*WHAT THE TASK REQUIRES:*
Copy each entry below unchanged; the images do not go in the copy.

*INFORMATION PROVIDED:*
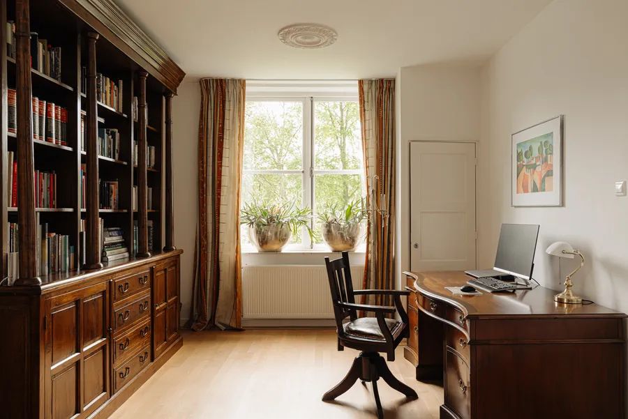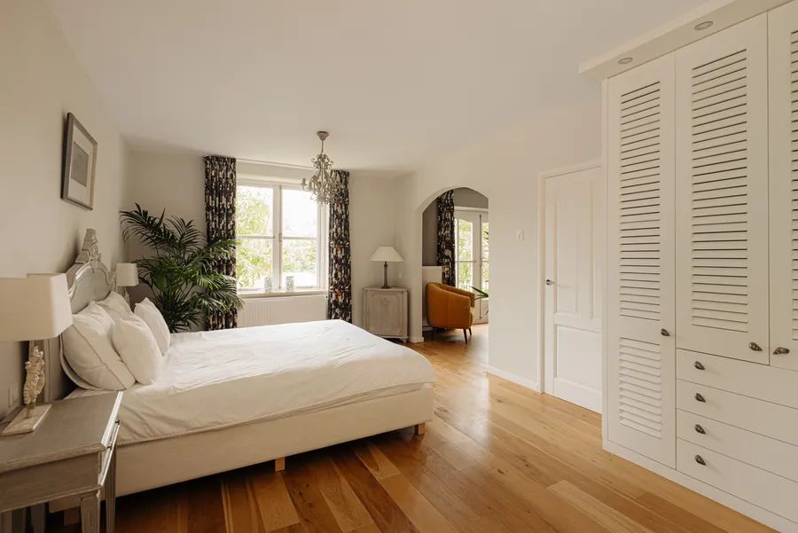 Via the wooden staircase, you reach a spacious landing with parquet flooring. Here you will find five bedrooms, one of which is ideal as an office, two bathrooms, and a separate toilet. Both the toilet and the two bathrooms have underfloor heating. The guest bathroom has a comfortable bathtub, while the spacious master bedroom has an ensuite bathroom with a walk-in shower and overlooks the grazing horses of Duinmanege van Poelenburgh. There is also a balcony where you can greet the morning sun.
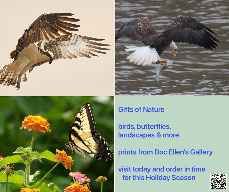 Jordan Lake Dam. This great blue heron deftly moved the fish he had speared, flipped it into the air and caught it again so that he could swallow it head first. Note the two long white-tipped black plumes on the heron’s head … these plumes elongate during breeding season … this adult is ready to find a mate.
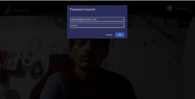 En este punto, Jitsi Meet ya está configurado para que sólo los usuarios registrados puedan crear salas de conferencias. Una vez creada una sala de conferencias, cualquier usuario puede unirse a ella sin proporcionar ninguna credencial. Sólo necesita la dirección única de la sala de conferencias y una contraseña opcional establecida por el creador de la sala.
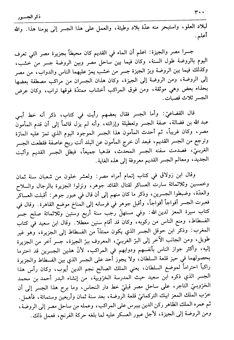 جسرا مصر والجيزة: اعلم أن الماء في القديم كان محيطا بجزيرة مصر التي تعرف اليوم بالروضة طول السنة، وكان فيما بين ساحل مصر وبين الروضة جسر من خشب، وكذلك فيما بين الروضة وبرّ الجيزة جسر من خشب يمرّ عليهما الناس والدواب، من مصر إلى الروضة، ومن الروضة إلى الجيزة، وكان هذان الجسران من مراكب مصطفة بعضها بحذاء بعض وهي موثقة، ومن فوق المراكب أخشاب ممتدّة فوقها تراب، وكان عرض الجسر ثلاث قصبات.
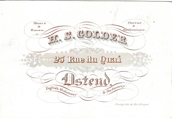 Formaat : 8,8 x 13 m. - Hams & Bacon, Cheese & Earthenware. English stationary & Perfumery. H.S.Golden - 25 Rue du Quai - Ostend.

*EXPECTED ANSWER:*
 Via the wooden staircase, you reach a spacious landing with parquet flooring. Here you will find five bedrooms, one of which is ideal as an office, two bathrooms, and a separate toilet. Both the toilet and the two bathrooms have underfloor heating. The guest bathroom has a comfortable bathtub, while the spacious master bedroom has an ensuite bathroom with a walk-in shower and overlooks the grazing horses of Duinmanege van Poelenburgh. There is also a balcony where you can greet the morning sun.
 Jordan Lake Dam. This great blue heron deftly moved the fish he had speared, flipped it into the air and caught it again so that he could swallow it head first. Note the two long white-tipped black plumes on the heron’s head … these plumes elongate during breeding season … this adult is ready to find a mate.
 En este punto, Jitsi Meet ya está configurado para que sólo los usuarios registrados puedan crear salas de conferencias. Una vez creada una sala de conferencias, cualquier usuario puede unirse a ella sin proporcionar ninguna credencial. Sólo necesita la dirección única de la sala de conferencias y una contraseña opcional establecida por el creador de la sala.
 جسرا مصر والجيزة: اعلم أن الماء في القديم كان محيطا بجزيرة مصر التي تعرف اليوم بالروضة طول السنة، وكان فيما بين ساحل مصر وبين الروضة جسر من خشب، وكذلك فيما بين الروضة وبرّ الجيزة جسر من خشب يمرّ عليهما الناس والدواب، من مصر إلى الروضة، ومن الروضة إلى الجيزة، وكان هذان الجسران من مراكب مصطفة بعضها بحذاء بعض وهي موثقة، ومن فوق المراكب أخشاب ممتدّة فوقها تراب، وكان عرض الجسر ثلاث قصبات.
 Formaat : 8,8 x 13 m. - Hams & Bacon, Cheese & Earthenware. English stationary & Perfumery. H.S.Golden - 25 Rue du Quai - Ostend.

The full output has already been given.